If we got down to 1% of trash going to the landfill the capacity would be reached at a tremendously slower rate, which would help us avoid a garbage crisis. I am not saying this model would work for our island but I do believe these types of options should be considered. We need to utilize the technology available to help our crisis areas.
9. Overtourism can degrade the environment, threaten biodiversity, contribute to wear and tear on infrastructure, generate traffic and disrupt neighborhoods. What more can be done to better manage the island’s tourism sector?
We need to revive our “Beautiful Kauai” slogan and have a priority to keep trash off the side of the roads and penalize any dumping or littering of any kind. We need to lead by example.
If tourists arrive in a place where it is clearly expected that you keep Kauai beautiful or you will be given a fine, that would be a start. We also need to direct visitors to specific destinations that are ready to be used and well maintained. These sights could also have at-rest cycles.
We also need to require a departure tax that is due upon the check-in when flying to Kauai. That tax should be used to refresh our island due to the impact tourism causes.
10. The coronavirus pandemic has exposed numerous flaws in Hawaii’s structure and systems, from outdated technology to economic disparity. If you could take this moment to reinvent Hawaii, to build on what we’ve learned and create a better state, a better way of doing things, what would you do? Please share One Big Idea you have for Kauai County. Be innovative, but be specific.

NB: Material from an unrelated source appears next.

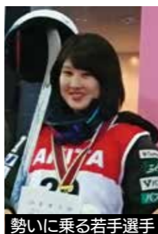
勢いに乗る若手選手

可能性が期待されていた若手がついに台頭。今季開幕戦フィンランドRuka大会で、デビュー戦にもかかわらずモーグル2位、第2戦モーグル5位と破竹の勢を見せている。秋田たざわ湖大会でも彼女と世界の強豪選手との対決から目が離せない。飛躍の年となりそうだ。

My big idea would be to see the county of Kauai partner with a technology group that would help turn our waste into reusable energy or a nutrient-rich substance and convert nonbiodegradable materials into a product we can use to build desks, playgrounds, park benches, bleachers, doors and window frames.
Our trash today would become our playground tomorrow. We would be solving major problems and lowering the need for the county to import synthetic materials for county projects. This process would be absorbing all major garbage on this island to reuse in ways we need for the future.
The county should be the forerunner at demonstrating how this is possible and available for the rest of the island. We know we will always have waste and we will always have needs. I believe through creativity and technology there is a way to make these two things work together for a better future.